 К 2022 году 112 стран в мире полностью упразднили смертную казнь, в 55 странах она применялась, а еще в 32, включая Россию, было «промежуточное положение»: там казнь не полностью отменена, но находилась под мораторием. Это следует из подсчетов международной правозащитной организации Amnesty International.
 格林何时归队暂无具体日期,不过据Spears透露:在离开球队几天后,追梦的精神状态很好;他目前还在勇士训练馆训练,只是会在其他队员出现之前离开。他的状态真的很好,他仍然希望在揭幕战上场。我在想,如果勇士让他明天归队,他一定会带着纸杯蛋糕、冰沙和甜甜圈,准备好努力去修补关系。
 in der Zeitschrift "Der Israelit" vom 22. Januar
--
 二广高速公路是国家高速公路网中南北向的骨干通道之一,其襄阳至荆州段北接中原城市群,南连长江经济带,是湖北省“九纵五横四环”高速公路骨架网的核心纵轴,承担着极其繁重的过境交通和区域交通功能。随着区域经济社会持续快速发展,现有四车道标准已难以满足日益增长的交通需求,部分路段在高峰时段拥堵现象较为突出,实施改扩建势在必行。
--
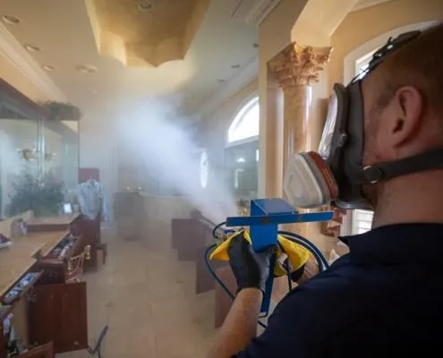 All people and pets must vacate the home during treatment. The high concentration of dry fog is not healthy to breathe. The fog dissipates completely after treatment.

• **What needs to be done**: Print the lines above from the one with "格林何时归队暂无具体日期,不" through the one with "in der Zeitschrift", both included, exactly as written and nothing more.

• **Your response**:
 格林何时归队暂无具体日期,不过据Spears透露:在离开球队几天后,追梦的精神状态很好;他目前还在勇士训练馆训练,只是会在其他队员出现之前离开。他的状态真的很好,他仍然希望在揭幕战上场。我在想,如果勇士让他明天归队,他一定会带着纸杯蛋糕、冰沙和甜甜圈,准备好努力去修补关系。
 in der Zeitschrift "Der Israelit" vom 22. Januar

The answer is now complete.